Split into dozens of seemingly unrelated cases, L.A. Noire structures its investigations like episodes of Law and Order or CSI. Each case is autonomous, and while there is a narrative thread that ties most of them together, they can just as easily be enjoyed on their own. The cases themselves are split into separate portions that somewhat recall the structure of a standard entry in a police procedural. Players are shown the crime as a detached viewer, then as agent Phelps, players visit the crime scene, interrogate witnesses, chase suspects, and ultimately charge somebody with the transgression. Part of the pleasure in L.A. Noire is getting to experience an interactive version of the kinds of procedural cop dramas many of us enjoy. While there are myriad criticisms to be made about the overall effectiveness of L.A. Noire’s approach, it provides a familiar format for players to follow and offers comparisons to the best of police procedurals.


Television scholar Raymond Williams has called “flow” one of television’s defining qualities.
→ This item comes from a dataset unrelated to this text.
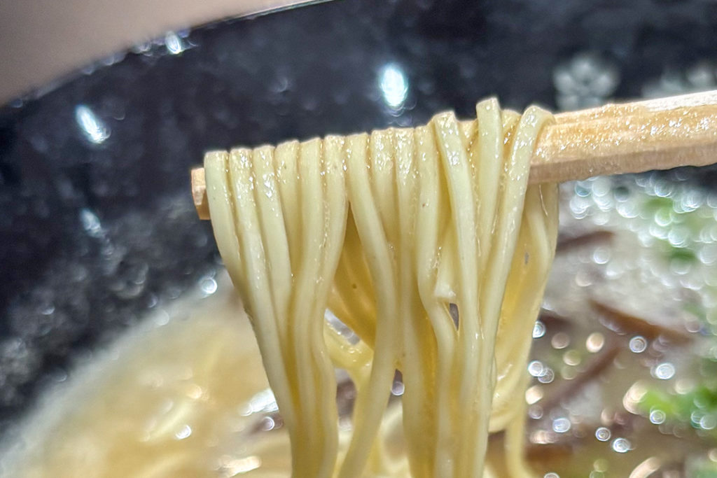 合わせる麺は、歯切れのよい細平打ち麺を使用されており、濃厚なスープとの相性抜群です。

For Williams, flow is a way of describing the TV viewing experience that interlaces programs, commercials, previews, and news updates to create a sense of continual movement through the televisual space – a flow. For Williams, flow can be seen as the entire arrangement of a day’s programming, the material that surrounds and binds a program together, or the actual words and images in the program itself. As isolated products, there doesn’t seem to be a sense of flow in video games (although it would be interesting to see a case for it), but as television starts to be consumed less and less through broadcast or cable subscriptions and more as isolated visual texts outside of their original programming schedule, using flow to describe essential qualities of television starts to break down too. So other qualities of television have to be examined if the medium is to have any meaning going forward. Some such qualities might be described as genre conventions, tropes, production practices, and economics, although these too always seem to be shifting.
It is precisely in these genre conventions and tropes that video games are finding inspiration from television traditions.


“I don't think that anything is created in a vacuum,” Kirkpatrick says, “and there's bound to be an exchange of aesthetics and approaches between media. Certainly in cinematics and cutscenes, we see how the visual languages of film and television are utilized with in the video game space, but it's not like we're seeing many, if any, instances of video games using a 3- or 4-camera sitcom approach. Though that would be interesting!”
What other unexamined qualities have video games borrowed from television? How does the space of the living room already act to imbricate the act of watching television and the act of playing games? As technologies, genres, and media continue to converge, is there a future where TV and digital games will continue to blend until it will be difficult to tell the two apart?


Perhaps video games will never be television, and that’s a good thing. Medium specificity allows us to appreciate what is unique and advantageous about all the media we encounter and incorporate into our lives. Yet I want to stress video games can learn some tricks from television about how to create, organize, and distribute content in more manageable sizes and how to craft narratives that allow for erratic play sessions that sometimes feature breaks of days, weeks or months.